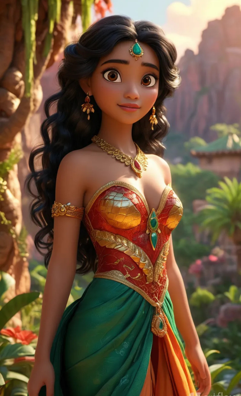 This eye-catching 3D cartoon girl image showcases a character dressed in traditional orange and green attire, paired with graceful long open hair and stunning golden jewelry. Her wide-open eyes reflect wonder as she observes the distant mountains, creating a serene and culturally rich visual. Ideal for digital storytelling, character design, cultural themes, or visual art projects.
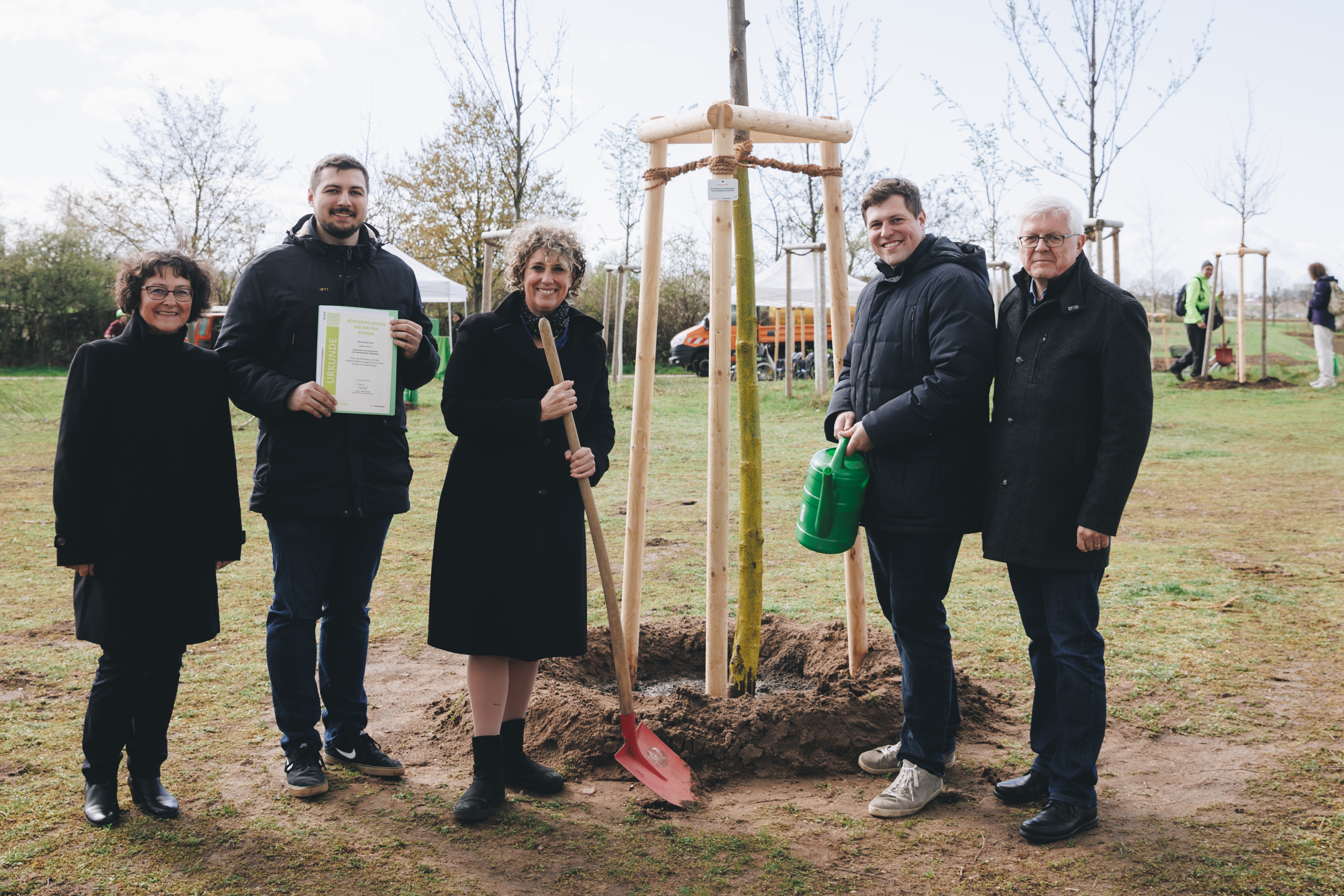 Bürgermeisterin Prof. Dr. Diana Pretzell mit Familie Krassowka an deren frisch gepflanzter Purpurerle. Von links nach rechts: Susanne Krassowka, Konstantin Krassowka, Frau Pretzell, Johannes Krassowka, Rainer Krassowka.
━━━━━━━━━━━━━━━━━━━━━━━━━━━━━━
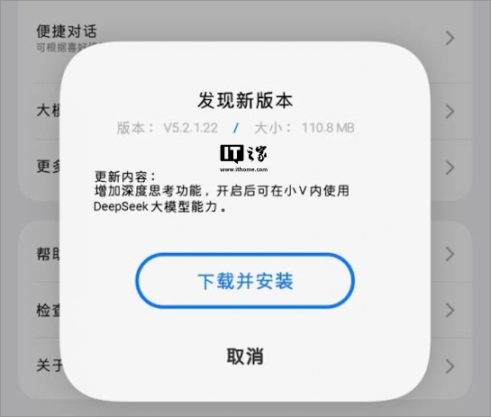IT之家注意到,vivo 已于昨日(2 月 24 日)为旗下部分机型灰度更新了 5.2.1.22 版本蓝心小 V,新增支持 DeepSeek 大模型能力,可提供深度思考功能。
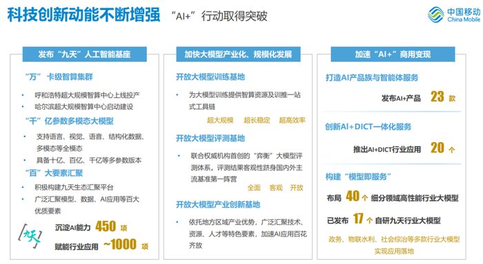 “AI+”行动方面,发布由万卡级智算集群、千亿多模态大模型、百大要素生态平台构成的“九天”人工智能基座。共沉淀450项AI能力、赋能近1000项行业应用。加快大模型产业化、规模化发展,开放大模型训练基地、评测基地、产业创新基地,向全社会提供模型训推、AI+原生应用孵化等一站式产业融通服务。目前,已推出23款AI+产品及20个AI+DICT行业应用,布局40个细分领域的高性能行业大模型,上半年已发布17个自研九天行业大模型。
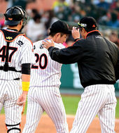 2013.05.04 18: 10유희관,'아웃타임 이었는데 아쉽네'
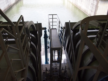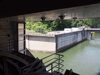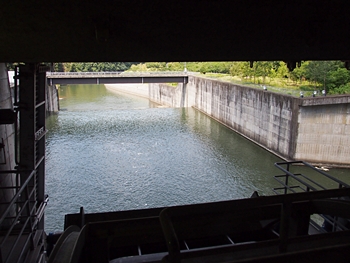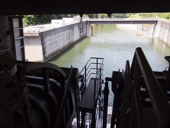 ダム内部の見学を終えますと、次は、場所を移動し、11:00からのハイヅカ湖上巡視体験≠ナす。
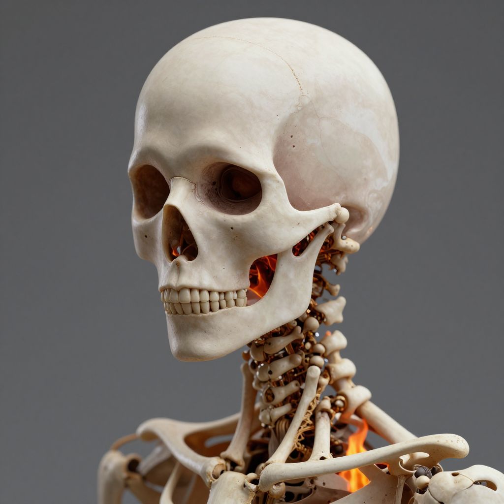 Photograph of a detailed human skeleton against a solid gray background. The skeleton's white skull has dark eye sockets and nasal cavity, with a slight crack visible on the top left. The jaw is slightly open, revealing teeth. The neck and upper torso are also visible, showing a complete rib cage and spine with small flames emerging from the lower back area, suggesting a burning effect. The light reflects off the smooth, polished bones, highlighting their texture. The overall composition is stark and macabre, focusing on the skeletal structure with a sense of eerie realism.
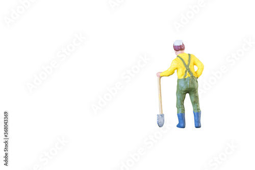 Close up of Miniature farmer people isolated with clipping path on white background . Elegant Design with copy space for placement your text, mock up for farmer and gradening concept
━━━━━━━━━━━━━━━━━━━━━━━━━━━━━━
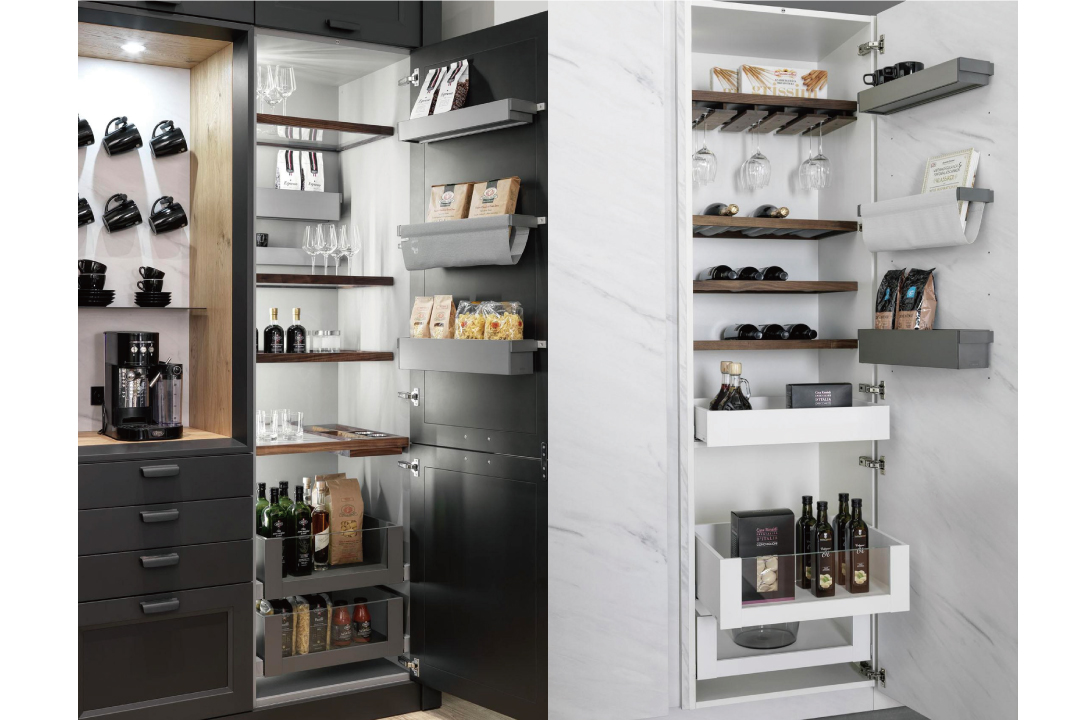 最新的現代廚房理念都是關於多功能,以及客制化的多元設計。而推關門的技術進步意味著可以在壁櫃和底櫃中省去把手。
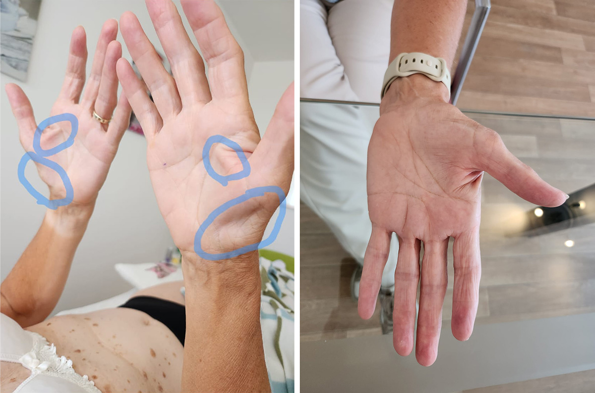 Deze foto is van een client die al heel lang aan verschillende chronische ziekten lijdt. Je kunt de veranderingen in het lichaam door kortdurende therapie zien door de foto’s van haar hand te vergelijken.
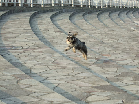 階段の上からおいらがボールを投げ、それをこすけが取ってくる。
━━━━━━━━━━━━━━━━━━━━━━━━━━━━━━
### Exercise objective
Start with the line with "IT之家注意到,vivo 已于昨日(2 月" in the listing above and stop after the line with "ダム内部の見学を終えますと、". Write out exactly the lines in that stretch and no others, without pictures.

### Exercise answer
IT之家注意到,vivo 已于昨日(2 月 24 日)为旗下部分机型灰度更新了 5.2.1.22 版本蓝心小 V,新增支持 DeepSeek 大模型能力,可提供深度思考功能。
 “AI+”行动方面,发布由万卡级智算集群、千亿多模态大模型、百大要素生态平台构成的“九天”人工智能基座。共沉淀450项AI能力、赋能近1000项行业应用。加快大模型产业化、规模化发展,开放大模型训练基地、评测基地、产业创新基地,向全社会提供模型训推、AI+原生应用孵化等一站式产业融通服务。目前,已推出23款AI+产品及20个AI+DICT行业应用,布局40个细分领域的高性能行业大模型,上半年已发布17个自研九天行业大模型。
 2013.05.04 18: 10유희관,'아웃타임 이었는데 아쉽네'
 ダム内部の見学を終えますと、次は、場所を移動し、11:00からのハイヅカ湖上巡視体験≠ナす。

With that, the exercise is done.